The "Direct Trade" process means that all of our coffee is direct, farm-to-cup coffee. This is nothing new to us - we've used this approach for decades - but many new, high-end coffee roasters are advertising their coffee as "direct trade" farm-to-cup coffee and charging high prices for it. We choose to blend our coffees, rather than sell by their single-farm estate name. But the underlying coffees are premium, directly traded, farm-to-cup coffees. You'll taste the difference in quality that such a direct and long-term approach to coffee sourcing provides.

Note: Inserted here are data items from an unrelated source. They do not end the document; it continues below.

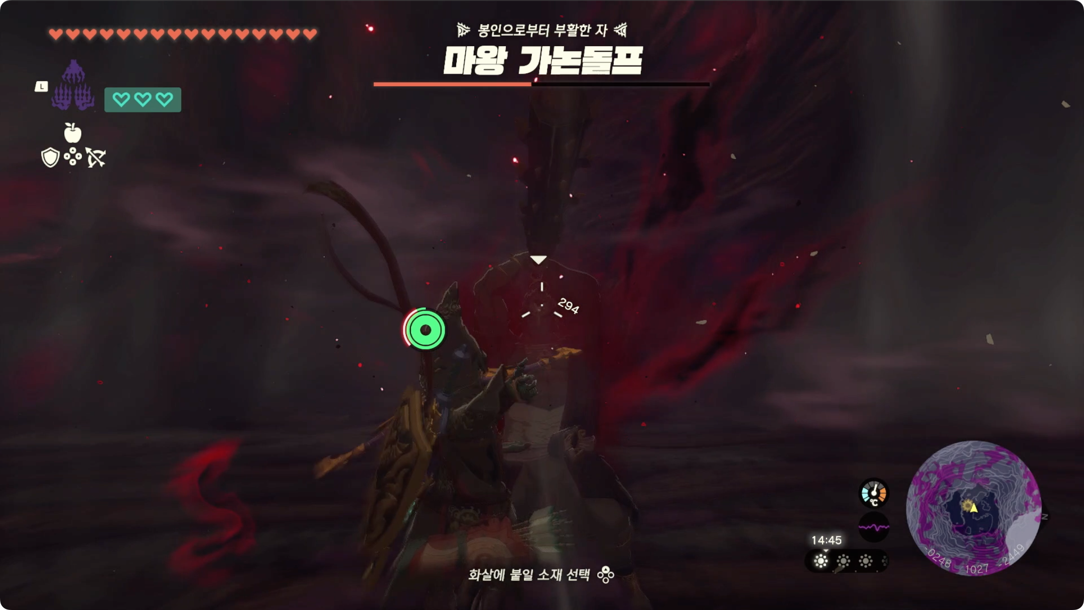 이 기술을 사용할 때 가논돌프가 활을 쥐고 있는데 바로 원거리 공격이 추가로 올 수 있으니 주의합니다.
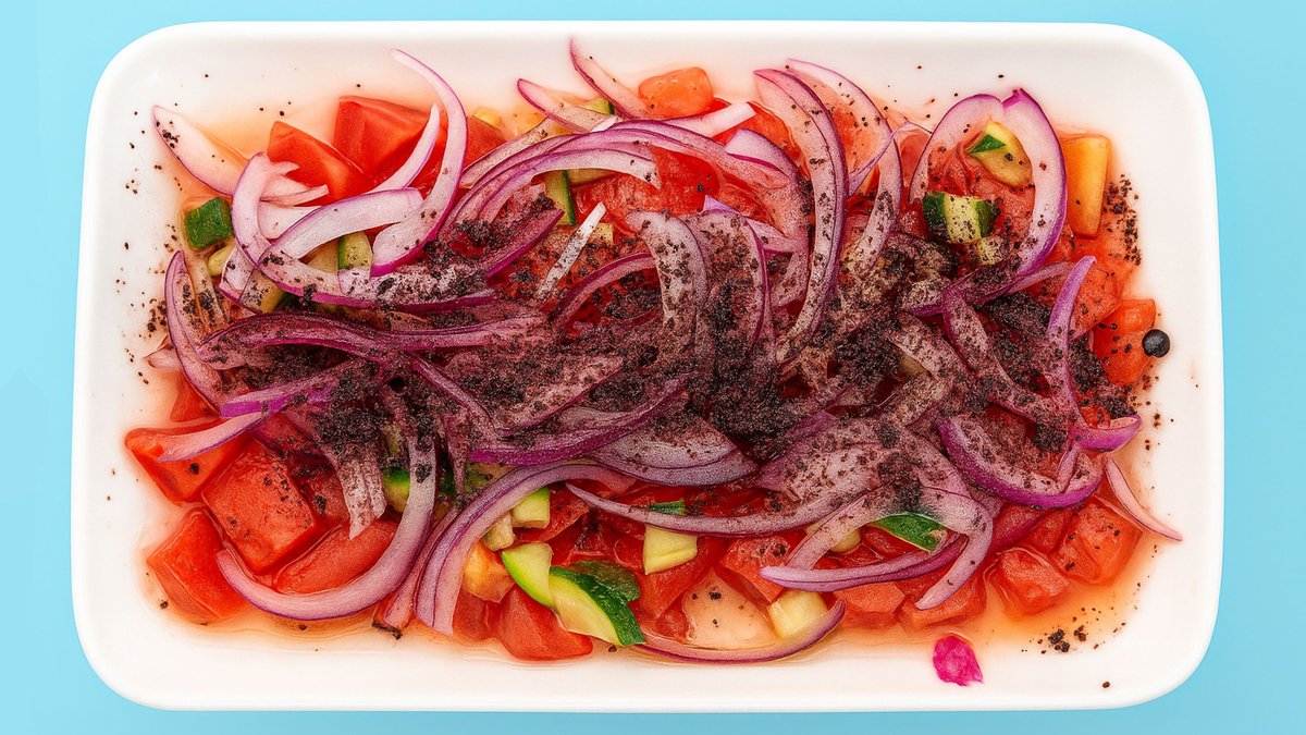 Domate, qepë, speca, vaj, kripë, limon, uthull
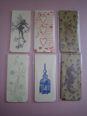 ton of strips of plain card in the snippets folder - so this week I dug a few out and made these magnetic bookmarks:
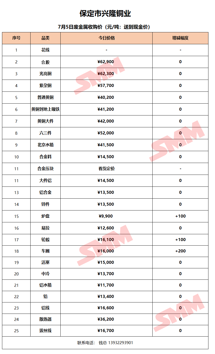 7月5日保定兴隆铜业 废金属收购报价

About Fair Trade Certified Coffee
Fair Trade is an idea that grew out of a concern about the overwhelming poverty in many coffee growing communities. It's a well-intentioned idea, but in our experience with our boots on the ground in coffee communities, we know there is a better approach. "Fair Trade Certified" coffee (with the black & white seal) means that the coffee is purchased from cooperatives of small farmers at a payment of no less than $1.31 per pound. That price is set by an non-profit organization called "Fair Trade USA" based in Oakland, California. Importers and roasters pay a 10 cent premium to "Fair Trade USA" for the right to use the Fair Trade Coffee seal on their bag.
We believe there are a number of problems with the idea that "Fair Trade Certified" is the ONLY way for consumers to help farmers. As pointed out here in this Time Magazine article from 2010, "Fair Trade Certified" coffee hasn’t really been helping small farmers. In fact many are still going hungry for many months of the year.

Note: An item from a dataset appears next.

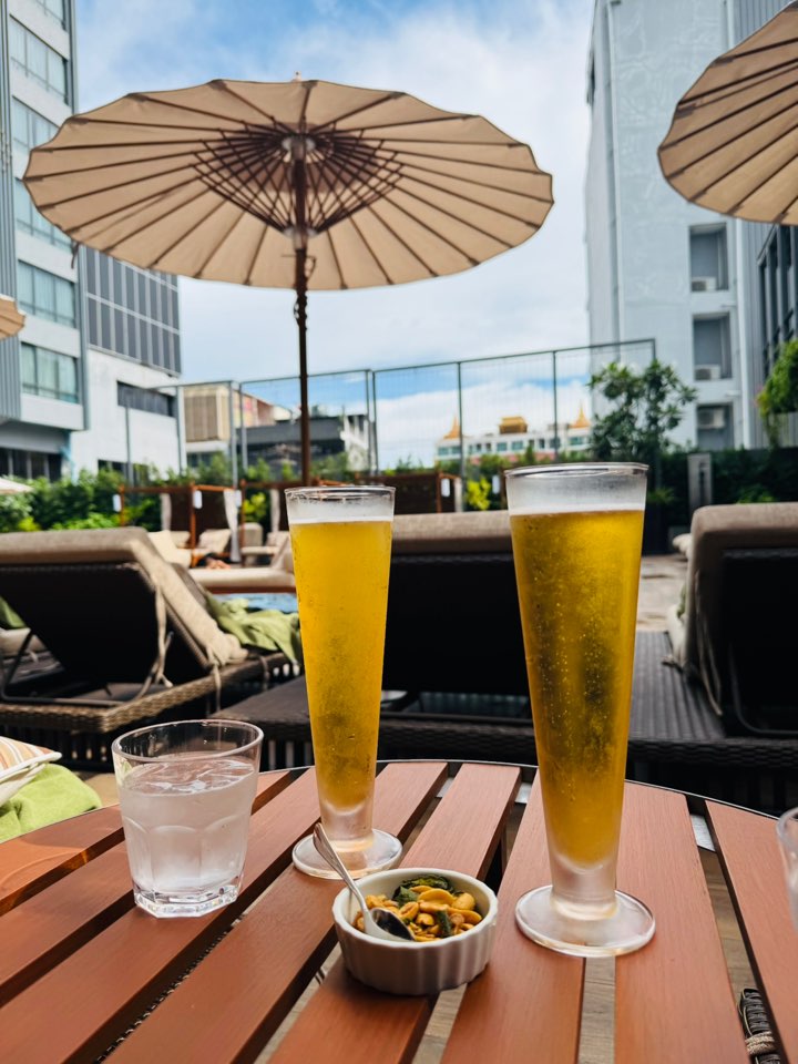 수영장 주변에는 썬베드와 파라솔이 잘 배치되어 있어 간단히 책을 읽거나 음료를 즐기며 쉬기에도 좋았어요. 분위기가 워낙 좋아서, 굳이 밖에 나가지 않아도 리조트 느낌을 충분히 낼 수 있었습니다. 썬베드에 누워 한잔 하는 재미가 크죠:)

One problem with "Fair Trade Certified" coffee, is that a roaster doesn't have to know the cooperative at all to get the Fair Trade seal on their bag. In fact, most roasters offering "Fair Trade Certified" coffee buy their coffee from an importer middleman. And this means that many roasters don't actually see the poverty and environmental degradation at the cooperative with their own eyes. They may think paying a slightly higher price is helping, but that is not necessarily so. In fact, the farms may be in poor health agriculturally, and the cooperative members may not be spending money appropriately to end the cycle of poverty there. Certainly, getting a premium for coffee that is not necessarily better quality, helps neither the farmer nor the roaster.

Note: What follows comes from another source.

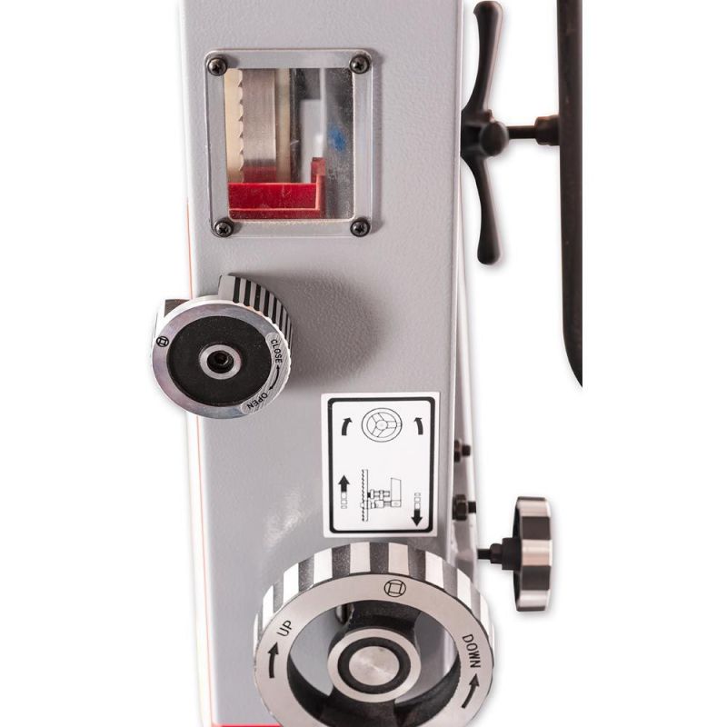 • You can rest assured that this machine meets all safety requirements: it features a key switch for extra safety when away from the machine, as well as an emergency stop switch. Dual dust extraction ports provide efficient methods of dust extraction to keep your workshop clean and dust free.
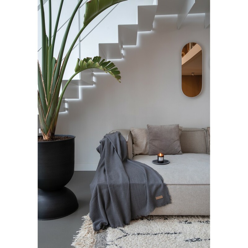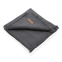 Koc z frędzlami, tkany, wykonany z przędzy Polylana®, która pochodzi z recyklingu, dzięki zastosowaniu technologii AWARE™ wykorzystane materiały są identyfikowalne z pochodzenia, wymiar 130 x150 cm, 2% wpływów z każdego sprzedanego produktu jest przekazywane na rzecz Water.org,

Another problem for large volume roasters like us is that we cannot buy all our coffee from small farmer cooperatives as required for Fair Trade certification. In order to meet our very large demand for consistently high-quality coffee beans, we also need to buy coffee from large coffee farms. We've found it extremely difficult to buy high quality coffee on a consistent basis from so many small farmers who may have only one or two acres. A roaster interested in offering the highest quality beans may or may not find them from Fair Trade Certified farmer cooperatives. And if the roaster finds them, he may not be able to buy enough to supply the consumers' demand. Fair Trade Certified doesn't indicate or guarantee high quality, and we found that small farmer cooperatives were not trained in the best agricultural practices to improve crop quality.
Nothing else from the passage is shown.